The next day we made it to the main road, after a morning as celebrity foreigners at a middle school. As we rolled closer to Xuyong town, more and more tunnel mouths spilled out piles of coal. Entire towns were nothing but spaces for piling, loading, and sorting chunks of coal, with facilities for humans to live in squeezed haphazardly about. The coal spilled down riverbanks and tracked onto the road.

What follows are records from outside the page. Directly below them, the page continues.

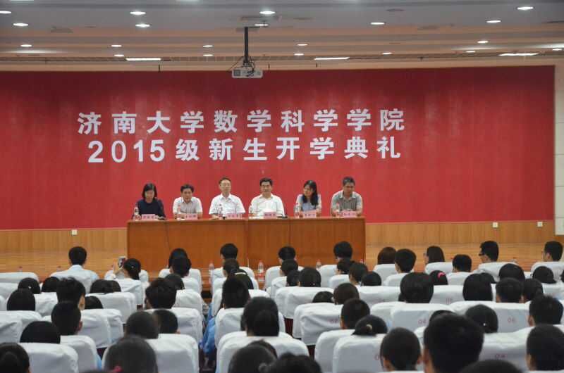 典礼在庄严的《义勇军进行曲》中拉开帷幕。随后,王纪辉副院长宣读了《ok138cn太阳集团古天乐关于聘任2015级班主任及助理班主任的决定》。孙元功教授代表数学院全体师生发言,告知新生要尽快调整心态,抓住新起点,正视自己的学业,转变学习方式,脚踏实地。在校学生代表、曾担任院学生会副主席的章杰茹同学用三年大学生活经验对新生们提出要重视学习方法和学习习惯,与同学们分享了自己的学习方法,告诉同学们要多参与各种活动锻炼自己,把握自己的未来。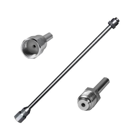 Удлинитель для краскопульта длиной 100 см используется для окрашивания высоких стен и потолков. Благодаря ему увеличивается радиус действия инструмента, что облегчает работу. Удлинитель в виде трубки прикручивают к соплодержателю и краскопульту, а также можно соединять несколько удлинителей вместе. Это позволяет работать без строительных лесов и лестниц, а также в труднодоступных местах. Быстро крепится к соплодержателю и пистолету.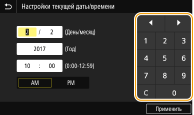 Диапазон значенийЗначения в ( ), отображаемые под полем ввода, представляют собой диапазон значений, которые можно ввести. Если отображаются клавиши, отличные от цифровых клавишЕсли отображаются клавиши <+> / <-> или / , можно нажимать эти клавиши для увеличения или уменьшения числового значения или для перемещения курсора. |

Closer to Xuyong the “towns” were merely strips of lousy buildings hugging the road, with every imaginable petty industry and trade related to trucks. Men welded next to the road, and fixed tires next to the road, and painted trucks next to the road, and repaired engines next to the road, and pounded out red hot machine parts next to the road, and rented girls in rooms next to the road. The air was sooty, and roared and honked with the sounds of buses and trucks. None of the workmen I saw wore any kind of mask, glove, or safety glasses. We passed a dusty sign reading “protect our earth and water for a more beautiful Xuyong.” I do not know if such pronouncements were more laughable or pitiable. There was no government regulation or presence visible except for such sad wishes on neglected signs.
The wide flat road spawned a hell on earth of mining and petty industry. But it would not go on unless most of the people were making money from it. And the abandoned fields covering the hillsides told that story quite clearly. Entire mountainsides had been carved long ago into tiny shelves, a few yards long and one wide, enough space for a few rows of cabbage or corn. Now the sharp cuts were softened with grass; it was as if a big chest of drawers had been left with the drawers partly pulled out, then draped in a green blanket.
We rode into Xuyong. The road was as wide as a plaza, and it split the town in two, lay it open to the blaring horns of the trucks. The road that had run through the mountains 50 miles away, a squiggle helpless under their feet, had turned into a raging current of commerce so strong that it pulled businesses and people toward it. But its strength and breadth also made it desolate; people were turned to ants on its smoky, roaring surface. The racket of trucks ricocheted off the big buildings on both sides. A hotel manager quoted different prices for the front and rear-facing rooms. The road was a no-person’s land, an ordeal that the city would die without.